Autoscaling with Cluster Agent Custom & External Metrics

Overview

Horizontal Pod Autoscaling, introduced in Kubernetes v1.2, allows autoscaling off of basic metrics like CPU, but it requires a resource called metrics-server to run alongside your application. As of Kubernetes v1.6, it is possible to autoscale off of custom metrics.

Custom metrics are user defined and are collected from within the cluster. As of Kubernetes v1.10, support for external metrics was introduced to autoscale off of any metric from outside the cluster that is collected by Datadog.

A user must implement and register the Custom Metrics Server and External Metrics Provider.

As of v1.0.0, the Custom Metrics Server in the Datadog Cluster Agent implements the External Metrics Provider interface for external metrics. This page explains how to set it up and how to autoscale your Kubernetes workload based off of your Datadog metrics.

Setup

Requirements

  1. Kubernetes >v1.10: you must register the External Metrics Provider resource against the API server.
  2. Enable the Kubernetes aggregation layer.

Installation

To enable the external metrics server with your Cluster Agent in Helm, update your datadog-values.yaml file with the following Cluster Agent configuration. After you set clusterAgent.metricsProvider.enabled to true, redeploy your Datadog Helm chart:

clusterAgent:
  enabled: true
  # Enable the metricsProvider to be able to scale based on metrics in Datadog
  metricsProvider:
    # clusterAgent.metricsProvider.enabled
    # Set this to true to enable Metrics Provider
    enabled: true

This automatically updates the necessary RBAC configurations and sets up the corresponding Service and APIService for Kubernetes to use.

To enable the external metrics server with your Cluster Agent managed by the Datadog Operator, first set up the Datadog Operator. Then, set clusterAgent.config.externalMetrics.enabled to true in the DatadogAgent custom resource:

apiVersion: datadoghq.com/v1alpha1
kind: DatadogAgent
metadata:
  name: datadog
spec:
  credentials:
    apiKey: <DATADOG_API_KEY>
clusterAgent:
  config:
    externalMetrics:
      enabled: true
  replicas: 2

The Operator automatically updates the necessary RBAC configurations and sets the corresponding Service and APIService for Kubernetes to use.

Custom metrics server

To enable the Custom Metrics Server, first follow the instructions to set up the Datadog Cluster Agent within your cluster. Once you have verified a successful base deployment, edit your Deployment manifest for the Datadog Cluster Agent with the following steps:

  1. Set DD_EXTERNAL_METRICS_PROVIDER_ENABLED environment variable to true.
  2. Ensure you have both your environment variables DD_APP_KEY and DD_API_KEY set.
  3. Ensure you have your DD_SITE environment variable set to your Datadog site: . It defaults to the US site datadoghq.com.
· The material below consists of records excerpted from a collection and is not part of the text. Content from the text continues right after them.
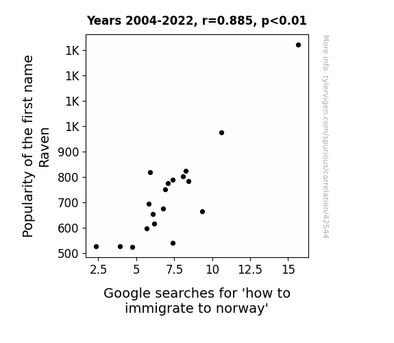 This means 78.3% of the change in the one variable (i.e., Google searches for 'how to immigrate to norway') is predictable based on the change in the other (i.e., Popularity of the first name Raven) over the 19 years from 2004 through 2022.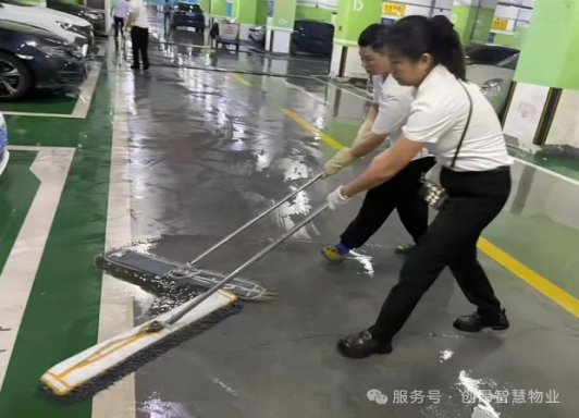 “我爱我校”行动延伸至负一楼停车场!主管们拿起高压水枪、拖把,对地面污渍、墙角积尘彻底清扫。水流冲刷过的地面泛起光泽,角落的灰垢被一一清除,整个停车场变得干净敞亮,为师生出行添一份清爽~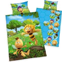 Herding Biene Maja Bettwäsche / Babybettwäsche / Kleinkinderbettwäsche, 100% Baumwolle ( Renforcé ), 40×60 + 100×135 Cm

Register the external metrics provider service

Once the Datadog Cluster Agent is up and running, apply some additional RBAC policies and set up the Service to route the corresponding requests.

  1. Create a Service named datadog-custom-metrics-server, exposing the port 8443 with the following custom-metric-server.yaml manifest:

    kind: Service
    apiVersion: v1
    metadata:
      name: datadog-custom-metrics-server
    spec:
      selector:
        app: datadog-cluster-agent
      ports:
      - protocol: TCP
        port: 8443
        targetPort: 8443
    

    Note: The Cluster Agent by default is expecting these requests over port 8443. However, if your Cluster Agent Deployment has set the environment variable DD_EXTERNAL_METRICS_PROVIDER_PORT to some other port value, change the targetPort of this Service accordingly.

    Apply this Service by running kubectl apply -f custom-metric-server.yaml

  2. Download the rbac-hpa.yaml RBAC rules file.

  3. Register the Cluster Agent as an external metrics provider by applying this file:

    kubectl apply -f rbac-hpa.yaml
    

Usage

Once you have the Datadog Cluster Agent running and the service registered, create an HPA manifest and specify type: External for your metrics in order to notify the HPA to pull the metrics from the Datadog Cluster Agent’s service:

spec:
  metrics:
    - type: External
      external:
        metricName: "<METRIC_NAME>"
        metricSelector:
          matchLabels:
            <TAG_KEY>: <TAG_VALUE>

Example HPAs

An HPA manifest to autoscale off an NGINX deployment based off of the nginx.net.request_per_s Datadog metric using apiVersion: autoscaling/v2beta1:

apiVersion: autoscaling/v2beta1
kind: HorizontalPodAutoscaler
metadata:
  name: nginxext
spec:
  minReplicas: 1
  maxReplicas: 3
  scaleTargetRef:
    apiVersion: apps/v1
    kind: Deployment
    name: nginx
  metrics:
  - type: External
    external:
      metricName: nginx.net.request_per_s
      metricSelector:
        matchLabels:
            kube_container_name: nginx
      targetAverageValue: 9

Note: In this manifest:

  • The HPA is configured to autoscale the deployment called nginx.
  • The maximum number of replicas created is 3, and the minimum is 1.
  • The metric used is nginx.net.request_per_s, and the scope is kube_container_name: nginx. This metric format corresponds to the Datadog one.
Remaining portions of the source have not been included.